What is needed ▸ Write out again, exactly as they appear, the lines from the start of the data below through the line with "Gorgeous (No label/tag)"; no pictures.

────────────────

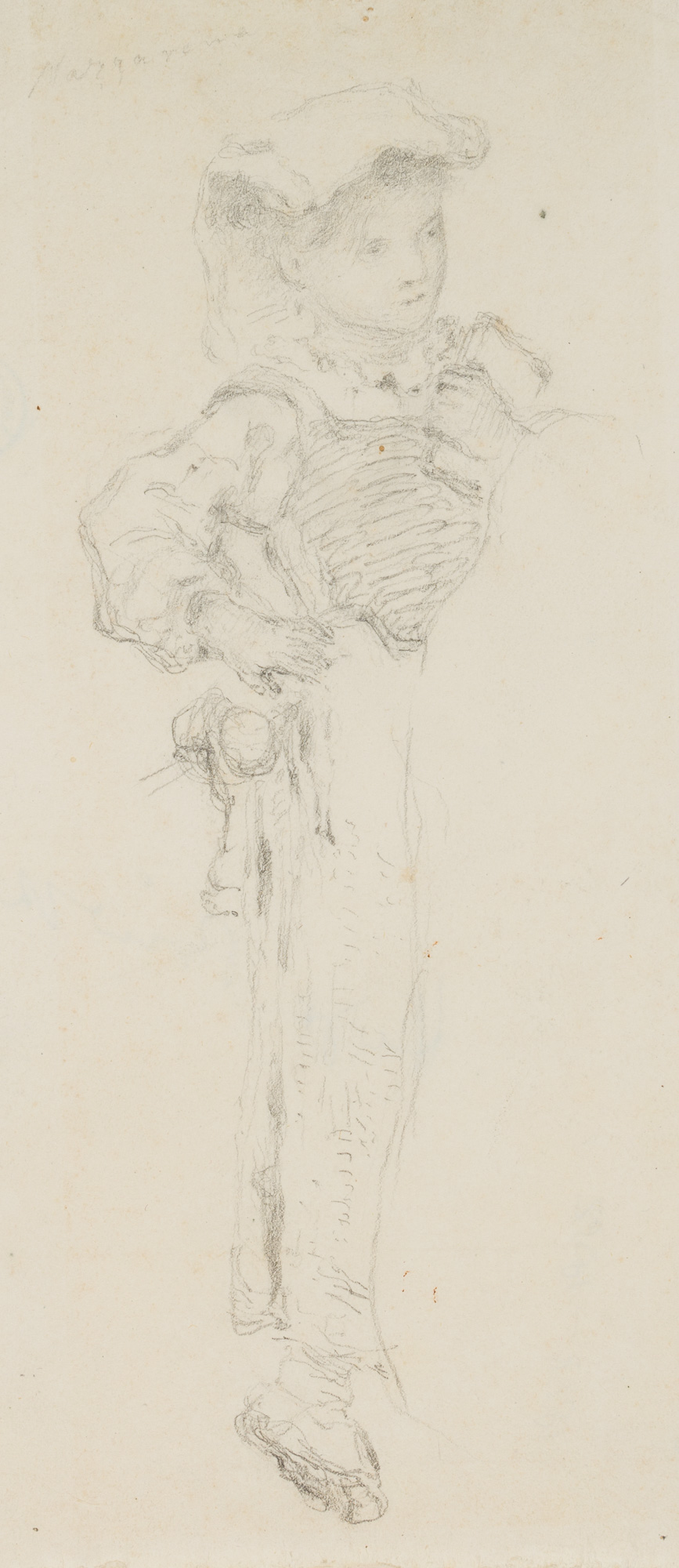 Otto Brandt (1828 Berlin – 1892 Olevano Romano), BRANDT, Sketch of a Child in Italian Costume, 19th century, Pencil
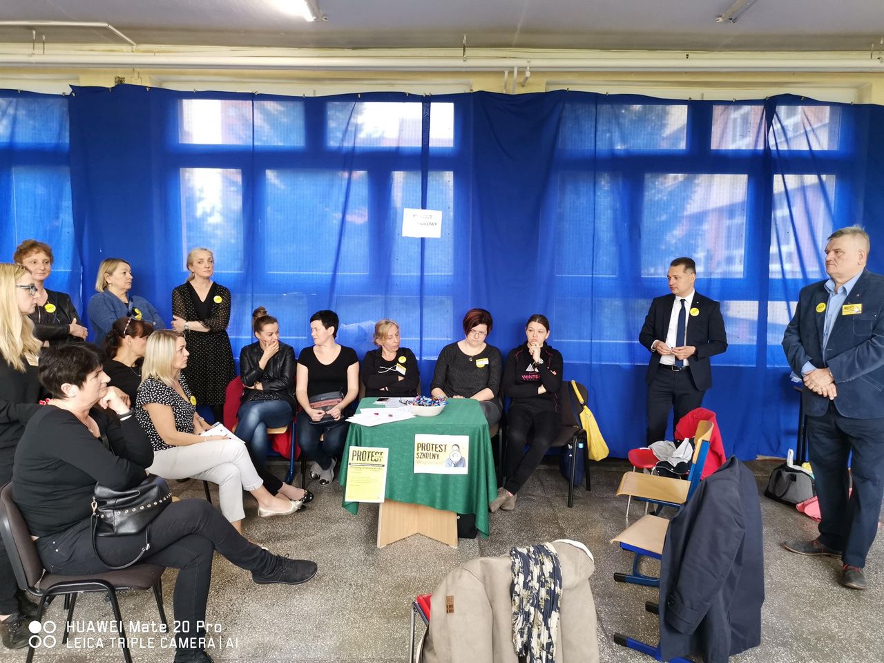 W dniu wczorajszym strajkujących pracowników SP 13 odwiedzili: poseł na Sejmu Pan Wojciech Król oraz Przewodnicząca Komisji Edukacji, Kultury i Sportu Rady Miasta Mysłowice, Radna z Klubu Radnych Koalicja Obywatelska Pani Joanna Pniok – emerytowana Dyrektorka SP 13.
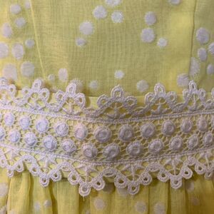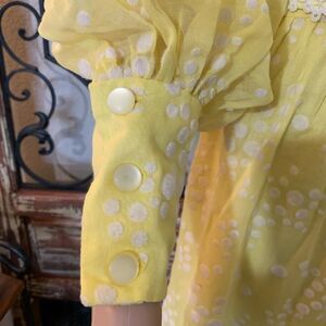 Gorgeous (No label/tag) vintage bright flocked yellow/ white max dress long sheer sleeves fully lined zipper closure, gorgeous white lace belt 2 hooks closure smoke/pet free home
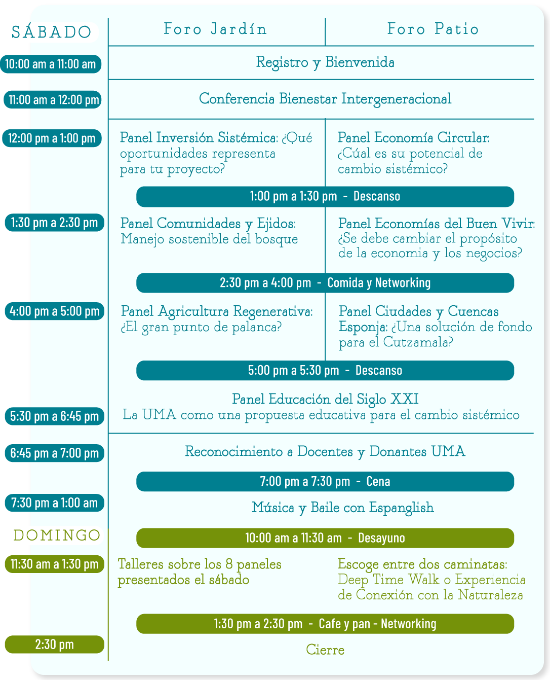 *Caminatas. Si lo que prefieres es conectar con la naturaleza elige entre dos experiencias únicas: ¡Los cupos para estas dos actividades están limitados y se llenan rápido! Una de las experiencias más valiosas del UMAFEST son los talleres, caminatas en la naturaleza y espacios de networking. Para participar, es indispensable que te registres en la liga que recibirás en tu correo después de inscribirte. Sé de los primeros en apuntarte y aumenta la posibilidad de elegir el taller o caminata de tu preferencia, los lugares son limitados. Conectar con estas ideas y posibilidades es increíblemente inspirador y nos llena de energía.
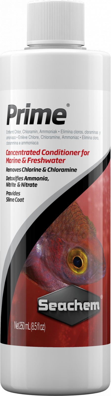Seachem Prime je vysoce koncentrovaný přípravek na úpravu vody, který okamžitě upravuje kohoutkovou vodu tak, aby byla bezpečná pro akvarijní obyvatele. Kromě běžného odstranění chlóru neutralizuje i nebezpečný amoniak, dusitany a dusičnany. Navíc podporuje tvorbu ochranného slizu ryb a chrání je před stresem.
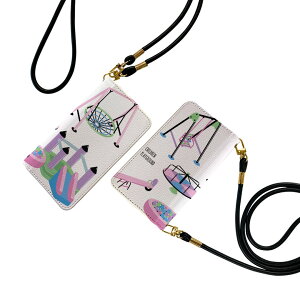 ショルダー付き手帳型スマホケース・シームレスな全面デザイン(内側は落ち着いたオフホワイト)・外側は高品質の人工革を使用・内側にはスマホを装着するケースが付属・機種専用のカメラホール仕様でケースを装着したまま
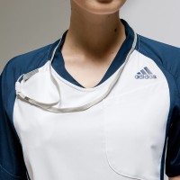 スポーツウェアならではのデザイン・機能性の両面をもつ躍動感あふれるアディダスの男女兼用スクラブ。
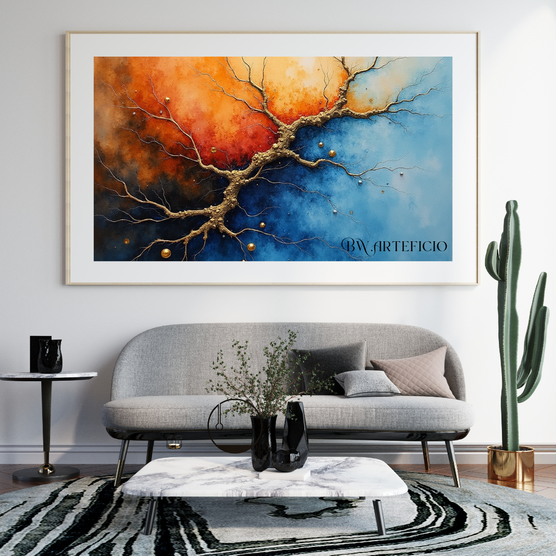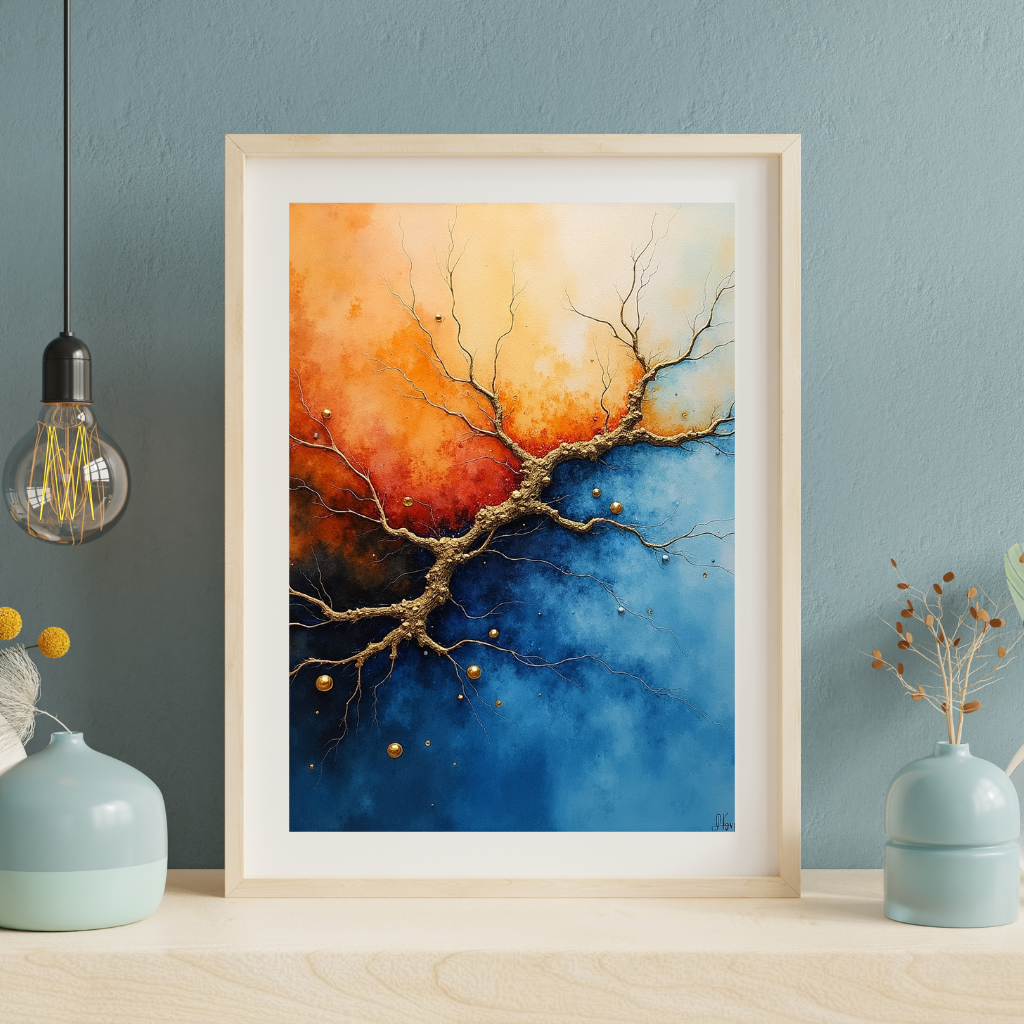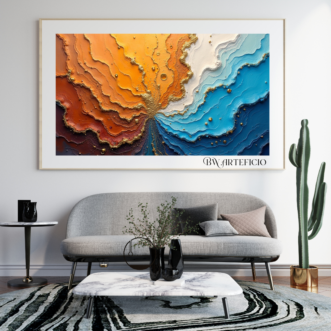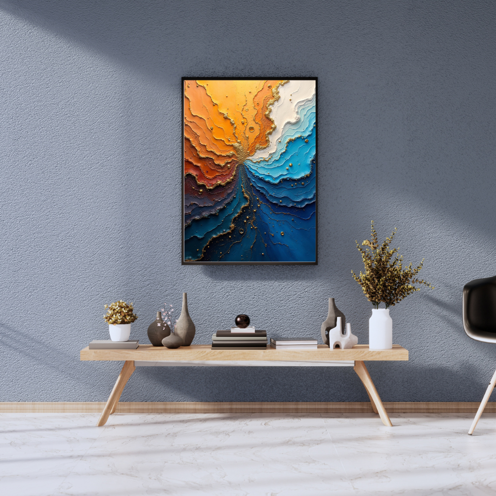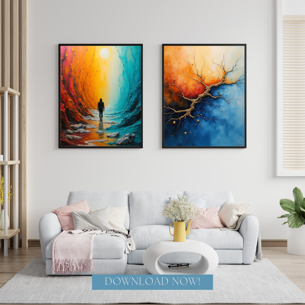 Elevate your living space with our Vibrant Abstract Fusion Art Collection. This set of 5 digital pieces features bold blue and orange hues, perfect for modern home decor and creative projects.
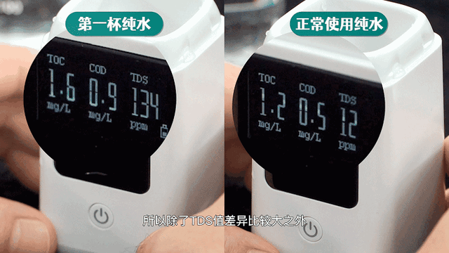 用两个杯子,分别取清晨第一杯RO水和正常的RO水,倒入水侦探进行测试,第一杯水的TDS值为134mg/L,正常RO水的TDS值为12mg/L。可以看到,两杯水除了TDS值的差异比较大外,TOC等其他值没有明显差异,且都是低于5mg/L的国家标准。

────────────────

Final answer ▸
 Otto Brandt (1828 Berlin – 1892 Olevano Romano), BRANDT, Sketch of a Child in Italian Costume, 19th century, Pencil
 W dniu wczorajszym strajkujących pracowników SP 13 odwiedzili: poseł na Sejmu Pan Wojciech Król oraz Przewodnicząca Komisji Edukacji, Kultury i Sportu Rady Miasta Mysłowice, Radna z Klubu Radnych Koalicja Obywatelska Pani Joanna Pniok – emerytowana Dyrektorka SP 13.
 Gorgeous (No label/tag) vintage bright flocked yellow/ white max dress long sheer sleeves fully lined zipper closure, gorgeous white lace belt 2 hooks closure smoke/pet free home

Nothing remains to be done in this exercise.